[Stored items]
<<<<

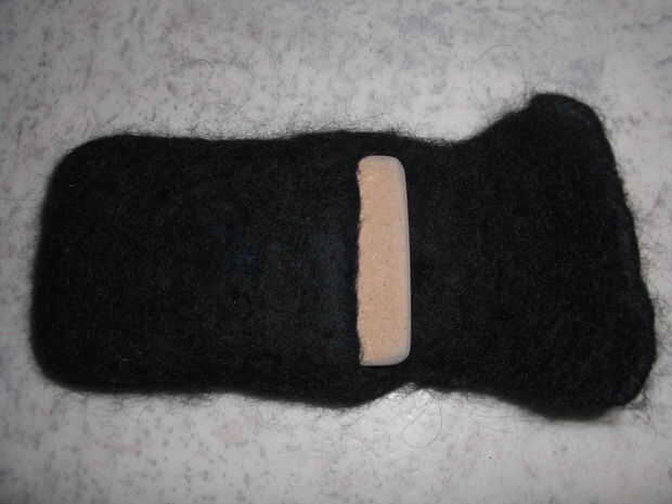 ¿Qué hacer? Introduzca la aguja de fieltrar mágico vista en el cuadro de herramientas. Una aguja de fieltrar tiene pequeñas abolladuras a lo largo del eje que tira de fibras individuales a lo largo cuando usted pega en que le permite unir dos piezas. Así que cuando el fieltro se había secado algunas me suturan los lados. Pero todavía no parecía tan agradable, los lados estaban un poco desgastados y obviamente cosidos. Así que decidí ponerlo en la lavadora a 40 grados (que es "fría" para con esas arandelas americano raras). Guardé el taco de madera y ató la cadena alrededor de él para evitar que el bloque caiga (gomas probablemente sería mejores pero no tengo ninguna). Lamentablemente no creo que tomar alguna fotografía de ella antes de la lavadora así que tendrás que imaginártelo.
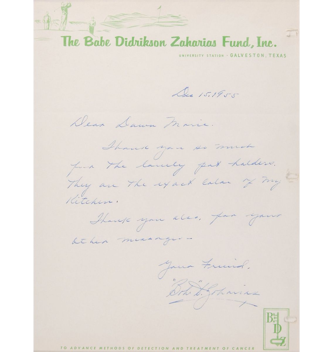 ALS signed “‘Babe’ D. Zaharias,” one page, 8 x 10.5, The Babe Didrickson Zaharias Fund Inc. letterhead, December 15, 1955. Letter of thanks for a gift. In full: “Thank you so much for the lovely pot holders. They are the exact color of my kitchen. Thank you also for your other messages.” Suede-matted and framed with an unsigned FDC featuring a color silk cachet of Didrikson to an overall size of 15.5 x 24.5. In fine condition, with punch holes to right edge. Oversized.
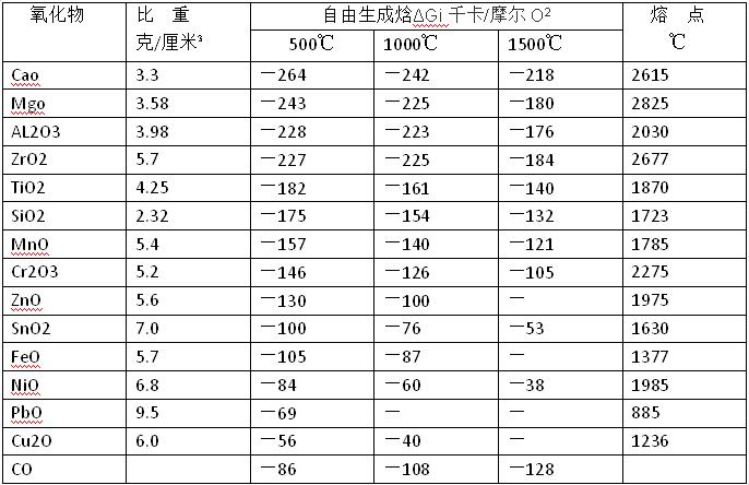 熔融金屬和耐火材料之間的氧化還原反應(yīng)的可能性,可以從熱動力學(xué)角度推斷出來。自由生成焓的值(—ΔGi)就表示這種反應(yīng)的程度。(表)中示出氧化物生成的相應(yīng)焓的值。自由生成焓的值(負(fù)數(shù))越大,氧化物的穩(wěn)定性就越高。(表)內(nèi)示出的氧化物中,CaO和MgO最穩(wěn)定,也就是說,熔融的鈣和鎂能使多余的氧化物還原出來。
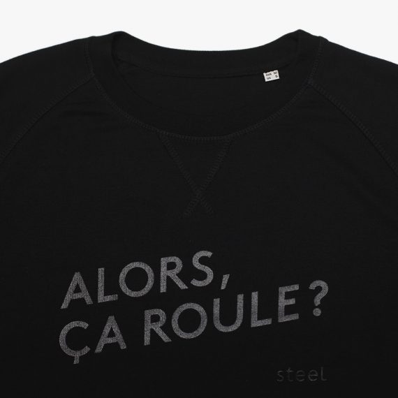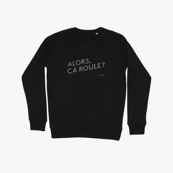 Le Steel Cyclewear sweat Alors ça roule noir est notre tout premier sweat du label Steel. Nous sommes très fiers de vous le présenter !
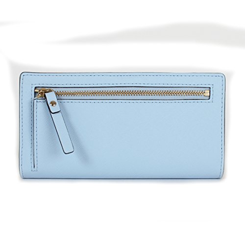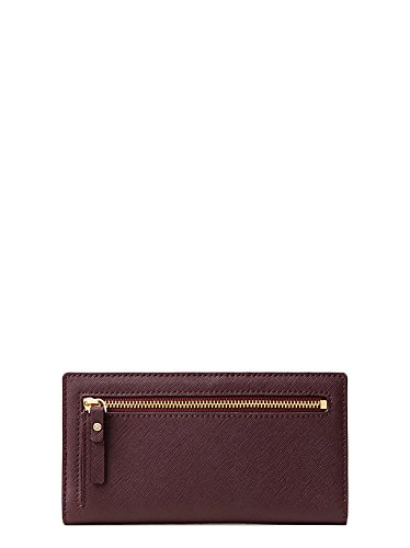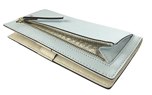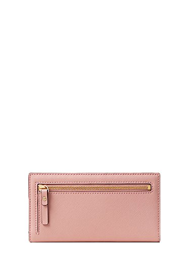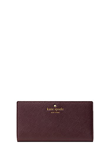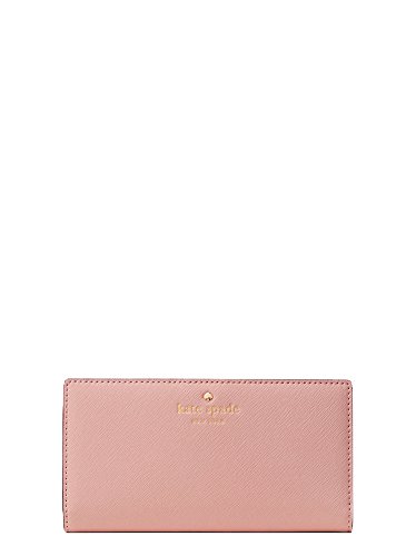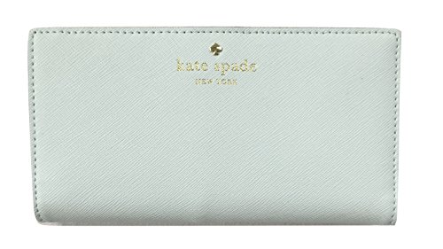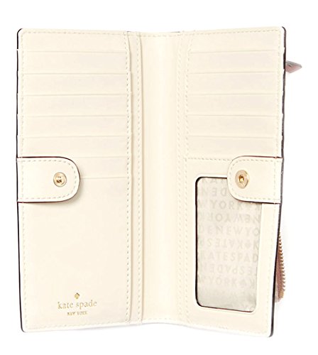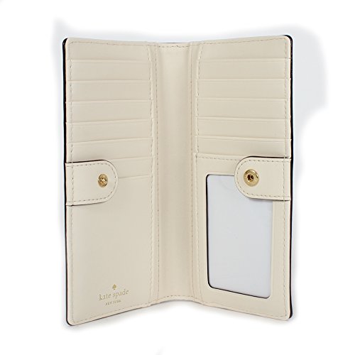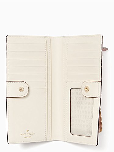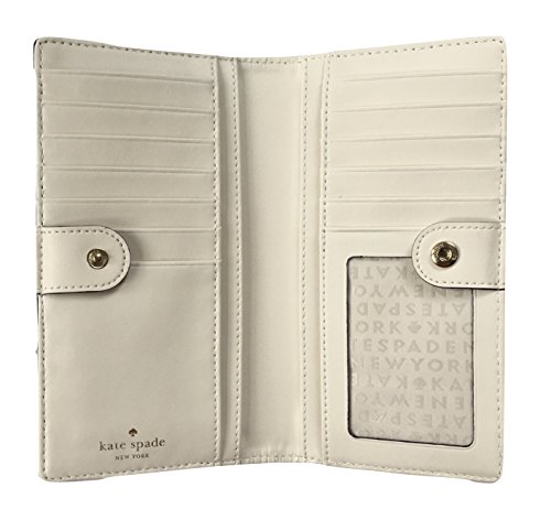 Binding : Apparel Product Description This compact Kate Spade New York Mikas Pond Stacey wallet is wrapped in crosshatch saffiano finished leather with 14-karat light gold plated hardware. This billfold has a snap closure, and Kate Spade's logo and heart stud accents the front. The back features an exterior zippered partial accordion pocket. The inside is leather and custom Capital Kate logo print fabric. It offers 12 credit card slots, a clear ID slot and 4 billfold compartments. This gem is slightly smaller than many at 6.75 inches (L) x 3.5 inches (H) x 1 inch (W). 0

>>>>

• **The task**
Write out exactly the lines from the one containing "Le Steel Cyclewear" to the last line of the records above, both included, and leave out any pictures.

• **Answer for this exercise**
 Le Steel Cyclewear sweat Alors ça roule noir est notre tout premier sweat du label Steel. Nous sommes très fiers de vous le présenter !
 Binding : Apparel Product Description This compact Kate Spade New York Mikas Pond Stacey wallet is wrapped in crosshatch saffiano finished leather with 14-karat light gold plated hardware. This billfold has a snap closure, and Kate Spade's logo and heart stud accents the front. The back features an exterior zippered partial accordion pocket. The inside is leather and custom Capital Kate logo print fabric. It offers 12 credit card slots, a clear ID slot and 4 billfold compartments. This gem is slightly smaller than many at 6.75 inches (L) x 3.5 inches (H) x 1 inch (W). 0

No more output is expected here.